The Judge also stated that “if the council submits, as they do in this case, that there has been a delay on the part of others in a criminal investigation, then I consider that prior to granting an extension, as one of the factors to be taken into account, the court has an obligation to determine whether the council have taken appropriate steps at the appropriate level to establish a system of liaison with the relevant public authorities involved in the criminal investigation”.
The Judge recognised that it would be difficult for a court to refuse an extension on the basis that there had been inadequate liaison between the regulator and the prosecuting agencies given the need to protect the public, but said that “those bringing such applications in the future should anticipate that a court may wish to hear from representatives of the relevant public bodies”.
The NMC informed the Court that they had been “continually” corresponding with the PSNI and the PPA to encourage them to deal with the matter expeditiously”. However, the Judge was not satisfied that this was enough. He was concerned that the NMC did not have a method of liaising with both the PSNI and the PPS “at an appropriate level”. He did not go on to explain what would be considered to be an appropriate level, but his comments imply that seeking updates from a junior member of staff at a prosecuting authority, even on a continuous basis, may not be enough. Delays should be escalated to a more senior level.
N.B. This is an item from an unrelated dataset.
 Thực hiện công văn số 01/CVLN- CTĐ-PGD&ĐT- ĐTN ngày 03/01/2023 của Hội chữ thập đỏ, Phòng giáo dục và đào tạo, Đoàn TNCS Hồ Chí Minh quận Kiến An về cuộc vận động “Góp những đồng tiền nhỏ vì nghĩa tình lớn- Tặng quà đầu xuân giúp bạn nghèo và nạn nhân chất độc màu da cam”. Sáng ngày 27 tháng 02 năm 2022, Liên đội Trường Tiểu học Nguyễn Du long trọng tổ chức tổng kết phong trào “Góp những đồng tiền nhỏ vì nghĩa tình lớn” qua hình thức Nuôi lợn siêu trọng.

The Judge was also concerned that, after the conviction on 2 September 2014, no information was supplied by the PPS or the PSNI to the NMC. Instead the nurse’s previous employers, the Health Trust, informed the NMC of the outcome. Had the NMC been in correspondence with the prosecuting authorities, they would have learnt of the conviction at an earlier stage.
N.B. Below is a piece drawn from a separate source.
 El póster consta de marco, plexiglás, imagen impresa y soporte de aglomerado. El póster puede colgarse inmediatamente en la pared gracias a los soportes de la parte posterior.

The Judge concluded his comments by stating that, given the conclusion of the current case was in sight and no further delay was anticipated, he would not, on that occasion, require the attendance of anyone from the PSNI or the PPS. He clearly therefore implied that in future he may require just that.
While the NMC were granted the extension they sought in this case, the comments of the Judge demonstrate that regulators must regularly engage with the police and prosecutors, at a senior level if necessary, to seek to expedite a criminal trial where this has an impact on the progress of a regulatory case. The regulator should also engage with the police and prosecutors, to open the lines of communication to ensure that they are kept up to date and are not reliant on intermediaries, which may result in delays in the fitness to practise proceedings. A failure to do so may lead to questioning by the court not only of the regulatory body, but also of the police and prosecuting agencies themselves.